Location: Chicago, Illinois, US, Booth #2542
Start Date: Apr 25, 2025
End Date: Apr 30, 2025
Type of Event: Scientific Conferences
Attendees:

Join us in-person in Chicago, IL at AACR Annual Meeting 2025.

Our Posters

Mice Humanized for the Immune System as Validated Tool for Therapeutic Antibody Development

Date and Time: Friday, 28 April, 9:00am- 12:00pm

Location: Poster Section 3

Presenter: Sophie Chabot, Group Leader In vivo pharmacology and clinical translation

Therapeutic antibodies modulating the immune response are frequently specific for human proteins but fail to cross-react with the corresponding rodent homologs. Hence, their preclinical development requires suitable “humanized” mouse models, i.e. mice bearing a human immune system, so that immunotherapies can be evaluated in a more relevant immune context in vivo. Such “humanized” mice are developed by reconstituting the immune system of immunodeficient animals with human immune cells from 2 possible origins: CD34+ hematopoietic stem cells (huCD34+ mice) isolated from cord blood, or mature peripheral blood mononuclear cells prepared from buffy coats.

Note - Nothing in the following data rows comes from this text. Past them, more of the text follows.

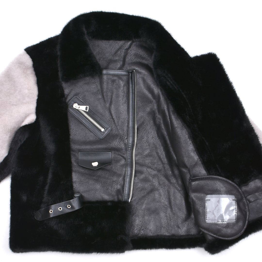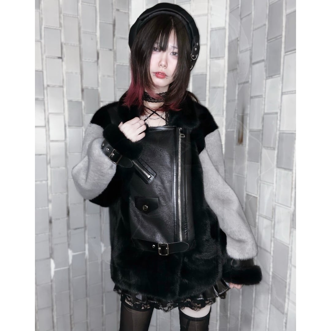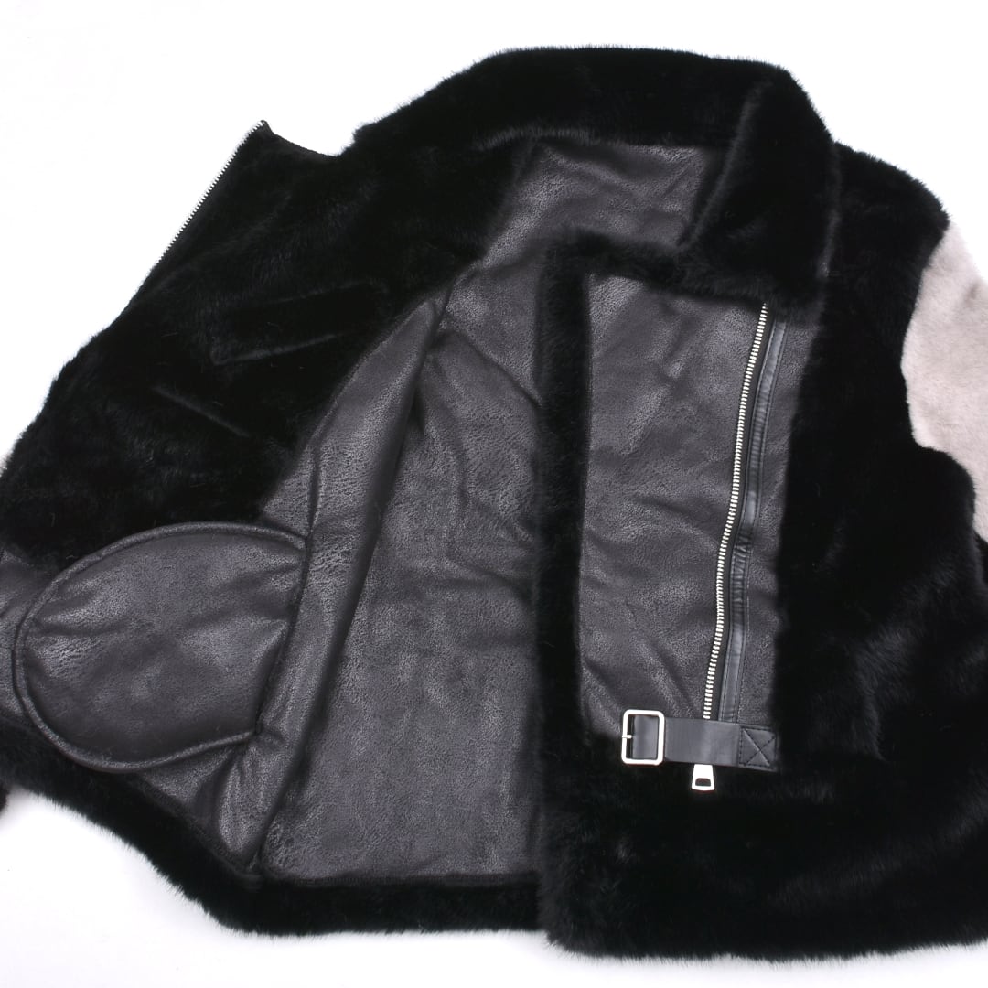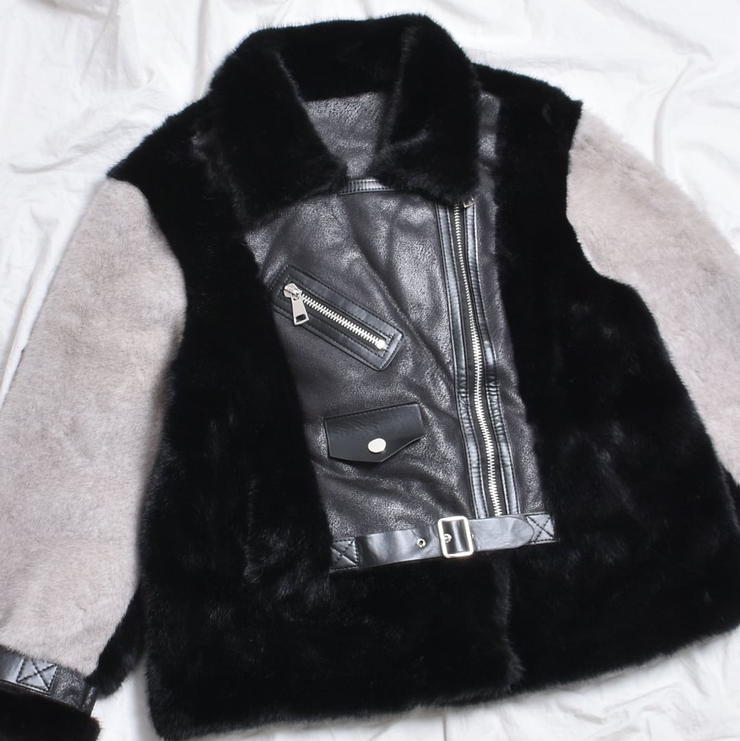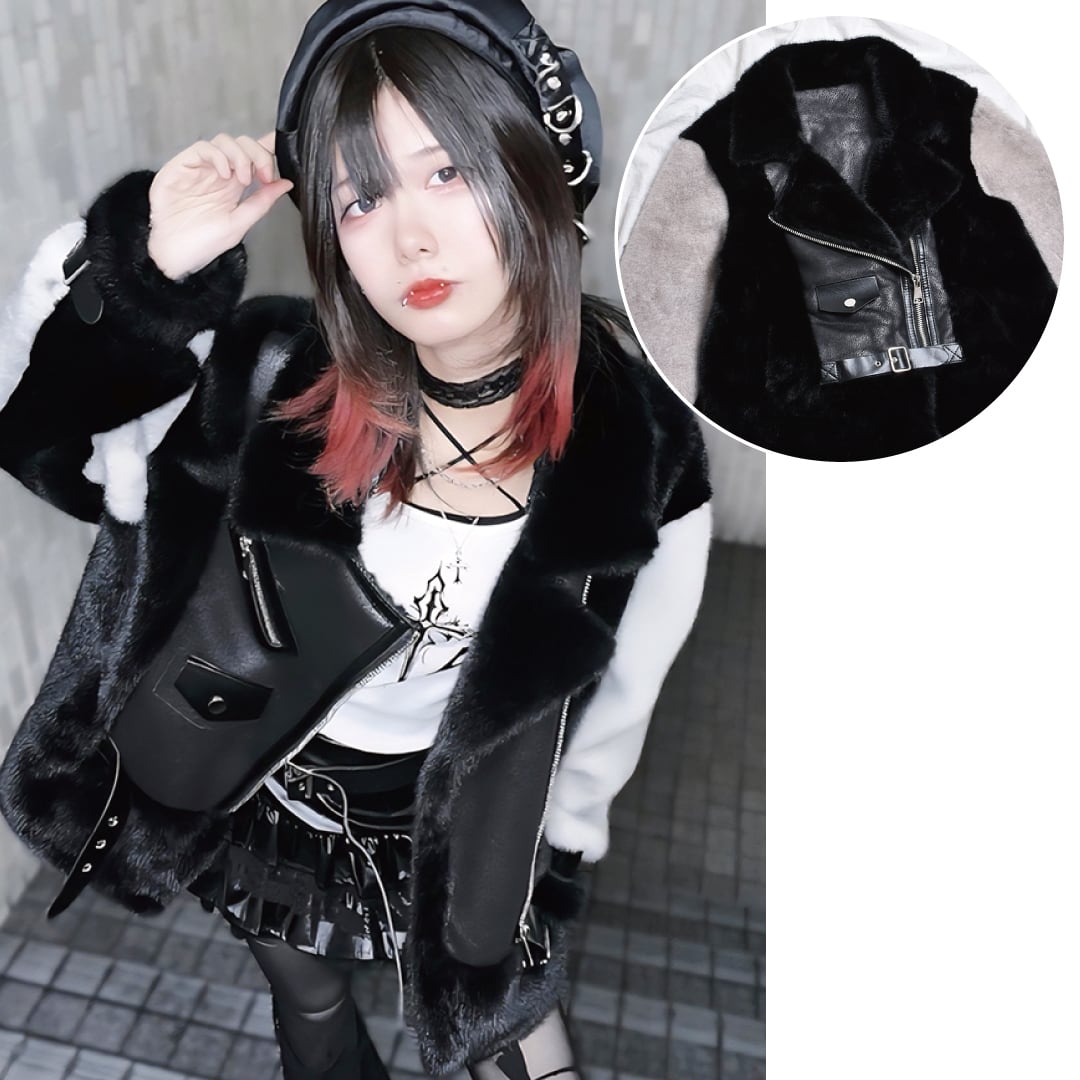 2色のフェイクファーを贅沢に使用したライダースジャケット
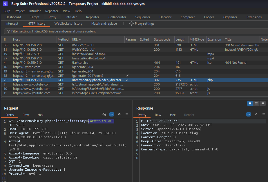 200 GET 0l 0w 402279586c http://10.10.255.98/assets/RickRolled.mp4
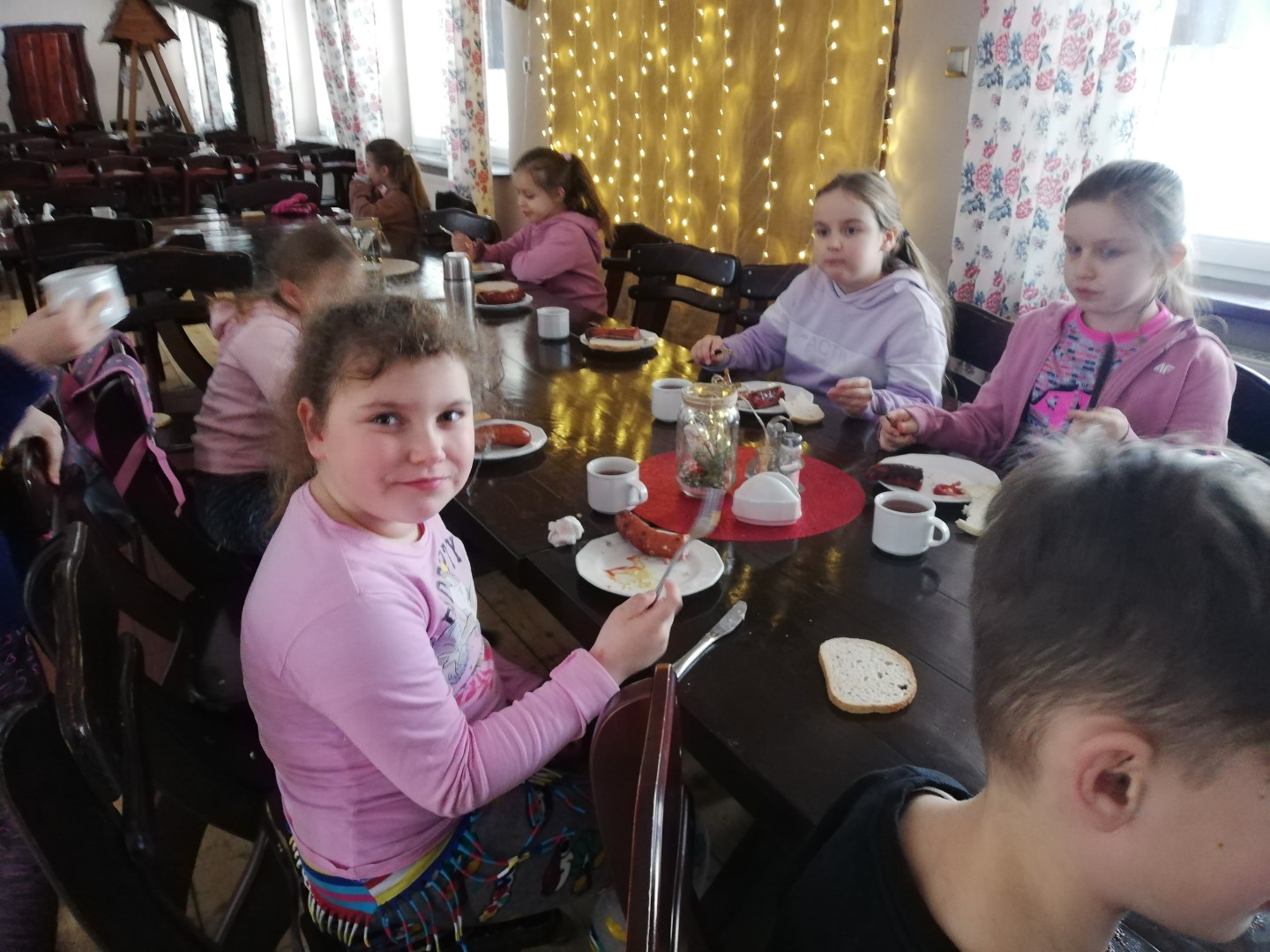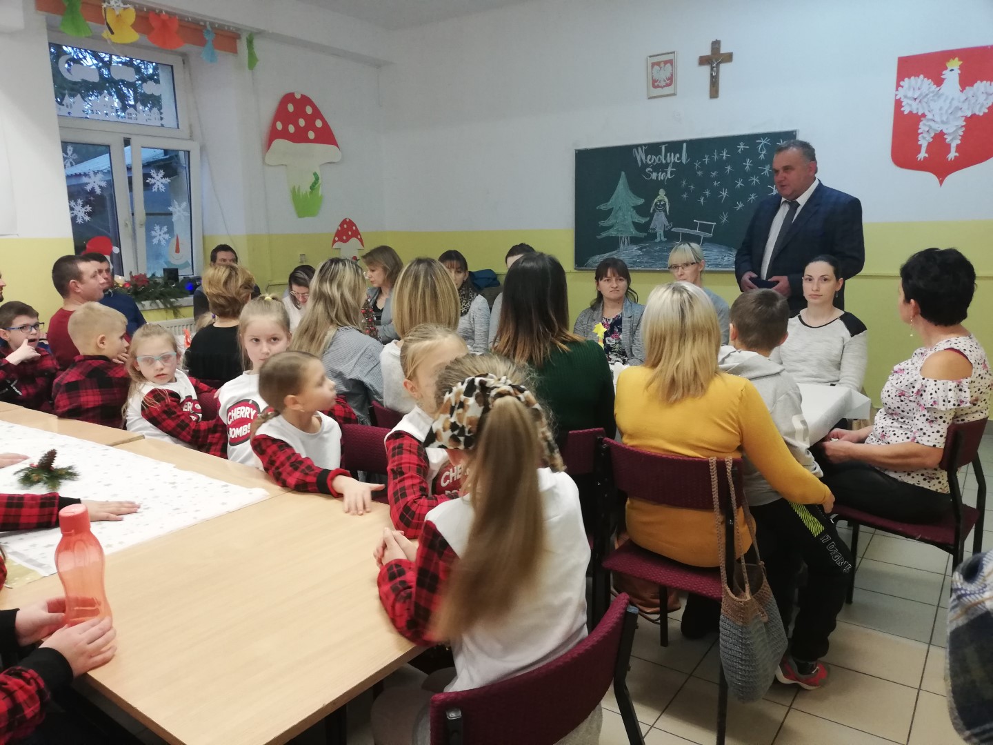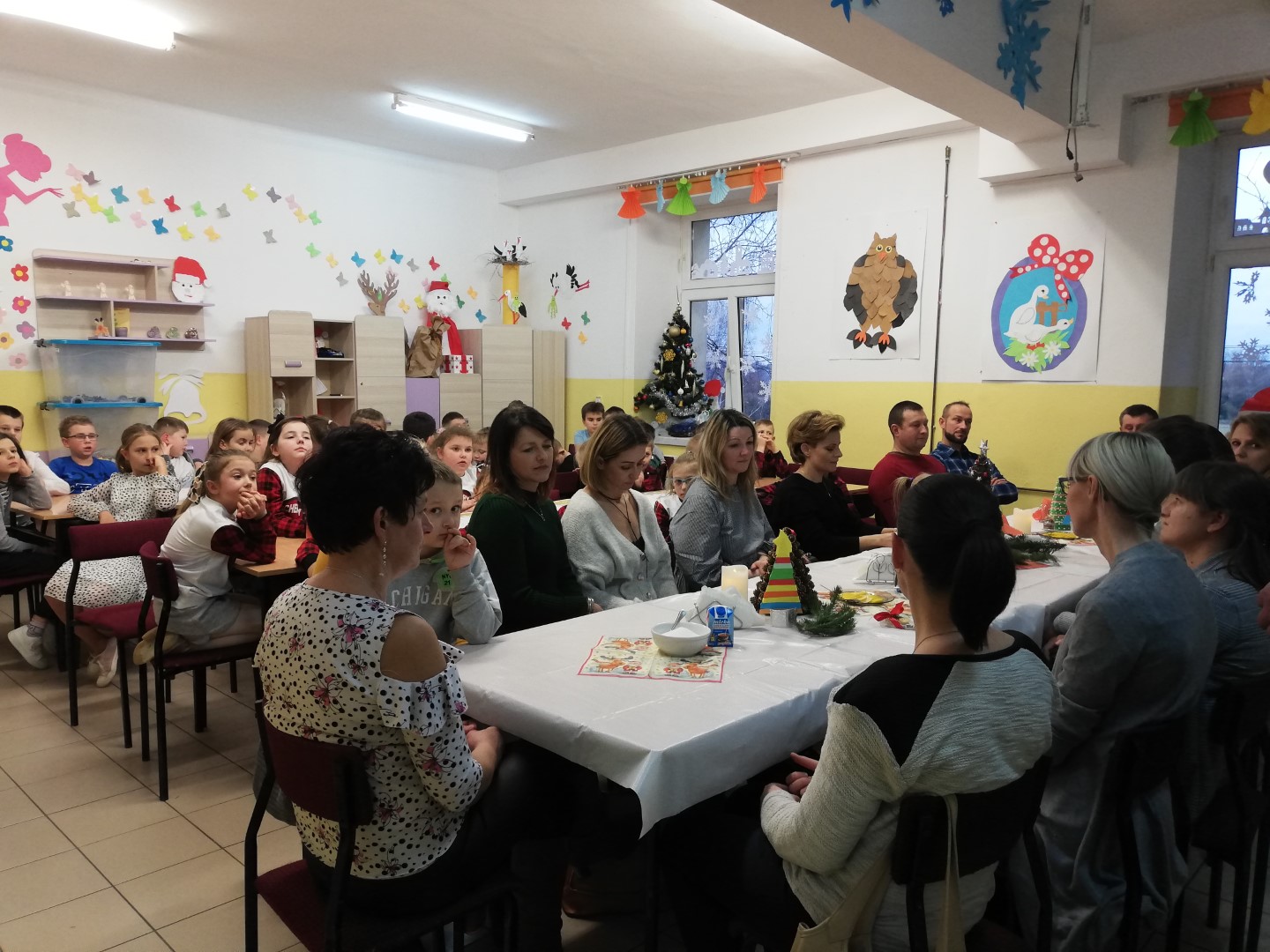 W dniu 17 grudnia 2021 odbyło się kolejne Spotkanie Rodzin w Placówce Wsparcia Dziennego. Grupa rytmiczna pani Magdaleny Zielińskiej graniem i śpiewanie kolęd rozpoczęła wspólne spotkanie. Oprócz dzieci i rodziców w spotkaniu uczestniczyli wychowawcy oraz koordynator szkolny Witold Bogdan oraz kierownik projektu Halina Łaś. Przy wigilijnym żurku i piernikach powspominaliśmy ostatni okres pracy w projekcie. Czas od wakacyjnego Festynu Rodzin to wiele wyjazdów i atrakcyjnych zajęć. Próbowaliśmy również zaplanować kolejne miesiące w następnym roku działalności. Uczniowie z wychowawcami zajęli się tworzeniem kartek świątecznych. Tak zakończyliśmy ostatni dzień stacjonarnych działań w szkole. W okresie nauki zdalnej Placówka funkcjonuje i zaprasza chętnych uczniów.

A Novel CD2-Targeted Costimulatory Bispecific Antibody Platform for Enhancing CD3 T Cell Engager-Based Cancer Immunotherapy

Date and Time: Monday, 28 April, 2025, 2:00pm - 5:00pm

Presenter: Gerhard Niederfellner, Senior Vice President Innovate Oncology

CD3-based T cell engagers (TCEs) are a clinically successful class of bispecific antibodies that has delivered 11 approved agents to date, albeit primarily for treatment of blood cancers. These agents provide a strong signal 1 for redirecting polyclonal T cells, regardless of their native specificity, to kill cancer cells. However, when only receiving signal 1 for prolonged periods of time without a costimulatory signal, T cells become anergic and exhausted. In part due to the lack of costimulatory signals in the tumor microenvironment, TCEs have had limited therapeutic success in solid tumor indications so far. Interestingly, single cell RNA sequencing data from multiple solid tumor types revealed that a high percentage of tumor infiltrating T cells express high levels of CD2 but not CD28 or other costimulatory receptors.